- The paper demonstrates how TDA maps knowledge sharing on GitHub by classifying 13 communication channels using the SECI model.
- The analysis reveals that newer projects diversify channels more significantly, with distinct usage patterns observed across ecosystems like Bower and npm.
- The study highlights practical implications for maintainers by emphasizing the strategic integration of tacit and explicit channels to enhance collaboration.
"A Topological Analysis of Communication Channels for Knowledge Sharing in Contemporary GitHub Projects" (1905.03593)
Introduction
This paper investigates the complex landscape of communication channels within GitHub projects, guided by the SECI model of knowledge management which delineates knowledge transfer into four processes: Socialization, Externalization, Combination, and Internalization. The authors explore how these channels facilitate the capture and exchange of knowledge, particularly through the lenses of externalization and combination.
Methodology
The authors conduct a topological analysis of seven library ecosystems on GitHub, comprising over 210,000 projects. The preliminary study involved classifying 13 communication channels into tacit and explicit knowledge using the SECI model. This classification informed a topological data analysis (TDA), which mapped the adoption and evolution of communication channels over three years (2015-2017).
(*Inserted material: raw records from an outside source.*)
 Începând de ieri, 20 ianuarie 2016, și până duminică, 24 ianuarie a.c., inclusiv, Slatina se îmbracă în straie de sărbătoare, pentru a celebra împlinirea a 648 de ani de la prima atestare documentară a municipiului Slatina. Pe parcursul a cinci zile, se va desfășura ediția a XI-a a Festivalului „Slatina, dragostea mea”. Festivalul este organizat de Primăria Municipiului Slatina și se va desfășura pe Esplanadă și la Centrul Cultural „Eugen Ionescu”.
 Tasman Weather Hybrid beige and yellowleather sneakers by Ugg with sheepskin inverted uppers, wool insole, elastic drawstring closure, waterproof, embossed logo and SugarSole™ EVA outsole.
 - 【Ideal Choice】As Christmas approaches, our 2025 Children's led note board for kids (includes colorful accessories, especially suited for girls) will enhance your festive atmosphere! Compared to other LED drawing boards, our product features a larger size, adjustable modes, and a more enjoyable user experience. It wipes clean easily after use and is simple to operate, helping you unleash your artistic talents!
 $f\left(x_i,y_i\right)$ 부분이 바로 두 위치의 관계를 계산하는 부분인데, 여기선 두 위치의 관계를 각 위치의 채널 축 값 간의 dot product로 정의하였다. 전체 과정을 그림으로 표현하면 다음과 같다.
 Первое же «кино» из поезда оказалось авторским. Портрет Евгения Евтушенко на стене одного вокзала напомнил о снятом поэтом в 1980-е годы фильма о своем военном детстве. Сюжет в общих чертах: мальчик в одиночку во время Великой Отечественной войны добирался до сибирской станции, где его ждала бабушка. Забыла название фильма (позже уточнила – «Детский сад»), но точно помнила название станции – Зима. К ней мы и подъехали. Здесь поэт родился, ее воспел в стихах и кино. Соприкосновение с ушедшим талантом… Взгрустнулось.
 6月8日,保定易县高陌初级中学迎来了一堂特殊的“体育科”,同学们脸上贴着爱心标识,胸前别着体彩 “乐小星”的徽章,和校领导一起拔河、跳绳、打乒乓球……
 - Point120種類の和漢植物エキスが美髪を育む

TDA provides geometric representations of data, revealing structural patterns within complex datasets.
Figure 1: A typical TDA showcases the shape of data; here it is used to analyze communication channels.
Discussion of Communication Channels
The study categorizes GitHub communication channels like pull requests, wikis, and issues according to their knowledge forms. Tacit knowledge is often personalized and context-specific, as seen in wikis and GitHub pages, whereas explicit knowledge is structured, as in issue trackers and changelogs.
The analysis revealed that newer projects increasingly adopt diverse communication channels, reflecting an evolving approach to knowledge sharing. The study found that "externalization" channels, especially those fostering new knowledge capture like wikis, were favored alongside "combination" channels that manage existing knowledge like issue trackers and contributing guidelines.
Results and Findings
Key results indicate:
- Evolution Over Time: Younger GitHub projects diversify their communication tools more than older ones. Channels such as contributing guidelines have grown in prevalence, pointing to a focus on structured community contributions.


Figure 2: Projects created in 2015 illustrate an older reliance on fewer communication channels.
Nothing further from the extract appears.